Johns Hopkins University School of Nursing, 525 North Wolfe Street, Baltimore, MD, 21205, USA.
Johns Hopkins University School of Nursing, The REACH Initiative, 855 N. Wolfe Street, 21205, Baltimore, MD, USA.
Arch Toxicol. 2019 May;93(5):1385-1399. doi: 10.1007/s00204-019-02407-8. Epub 2019 Apr 8.
Individuals treated for multidrug-resistant tuberculosis (MDR-TB) with aminoglycosides (AGs) in resource-limited settings often experience permanent hearing loss. However, AG ototoxicity has never been conceptually integrated or causally linked to MDR-TB patients' pre-treatment health condition. We sought to develop a framework that examines the relationships between pre-treatment conditions and AG-induced hearing loss among MDR-TB-infected individuals in sub-Saharan Africa. The adverse outcome pathway (AOP) approach was used to develop a framework linking key events (KEs) within a biological pathway that results in adverse outcomes (AO), which are associated with chemical perturbation of a molecular initiating event (MIE). This AOP describes pathways initiating from AG accumulation in hair cells, sound transducers of the inner ear immediately after AG administration. After administration, the drug catalyzes cellular oxidative stress due to overproduction of reactive oxygen species. Since oxidative stress inhibits mitochondrial protein synthesis, hair cells undergo apoptotic cell death, resulting in irreversible hearing loss (AO). We identified the following pre-treatment conditions that worsen the causal linkage between MIE and AO: HIV, malnutrition, aging, noise, smoking, and alcohol use. The KEs are: (1) nephrotoxicity, pre-existing hearing loss, and hypoalbuminemia that catalyzes AG accumulation; (2) immunodeficiency and antioxidant deficiency that trigger oxidative stress pathways; and (3) co-administration of mitochondrial toxic drugs that hinder mitochondrial protein synthesis, causing apoptosis. This AOP clearly warrants the development of personalized interventions for patients undergoing MDR-TB treatment. Such interventions (i.e., choosing less ototoxic drugs, scheduling frequent monitoring, modifying nutritional status, avoiding poly-pharmacy) will be required to limit the burden of AG ototoxicity.

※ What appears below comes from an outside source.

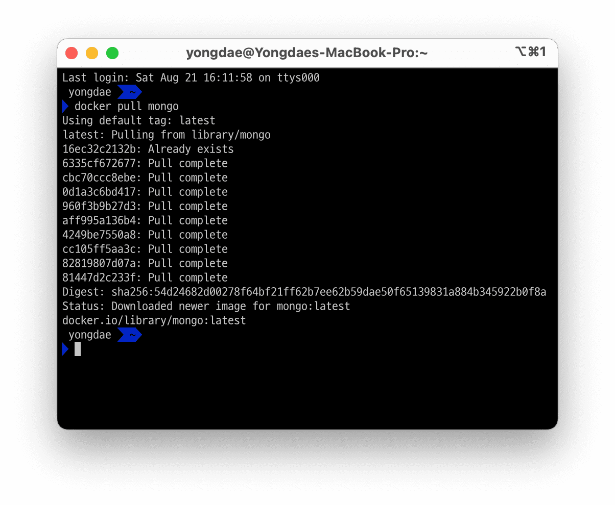 명령어를 입력해서 실행하시면 Docker hub에 있는 MongoDB 이미지를 사용자 컴퓨터에 다운 받아 사용할 수 있습니다.

在资源有限的环境中,接受氨基糖苷类药物(AGs)治疗的耐多药结核病(MDR-TB)患者常经历永久性听力损失。然而,AG 耳毒性从未在概念上被整合或因果关系与 MDR-TB 患者的治疗前健康状况联系起来。我们试图开发一个框架,以检查撒哈拉以南非洲地区 MDR-TB 感染个体的治疗前条件与 AG 诱导的听力损失之间的关系。采用不良结局途径(AOP)方法来开发一个框架,将生物途径内的关键事件(KEs)与导致不良结局(AO)的途径联系起来,这些结局与化学干扰分子起始事件(MIE)有关。该 AOP 描述了从 AG 在毛细胞中的积累开始的途径,AG 给药后立即成为内耳的声音传感器。给药后,药物由于活性氧(ROS)的过度产生而催化细胞氧化应激。由于氧化应激抑制线粒体蛋白合成,毛细胞经历凋亡性细胞死亡,导致不可逆的听力损失(AO)。我们确定了以下治疗前条件,这些条件会加剧 MIE 和 AO 之间的因果联系:HIV、营养不良、衰老、噪音、吸烟和饮酒。KEs 是:(1)肾毒性、先前存在的听力损失和低白蛋白血症,这些会促进 AG 积累;(2)免疫缺陷和抗氧化剂缺乏,这些会触发氧化应激途径;(3)线粒体毒性药物的共同给药,这些药物会阻碍线粒体蛋白合成,导致细胞凋亡。该 AOP 清楚地表明需要为接受 MDR-TB 治疗的患者开发个性化干预措施。这些干预措施(即选择毒性较小的药物、定期监测、改善营养状况、避免多种药物联合使用)将是限制 AG 耳毒性负担所必需的。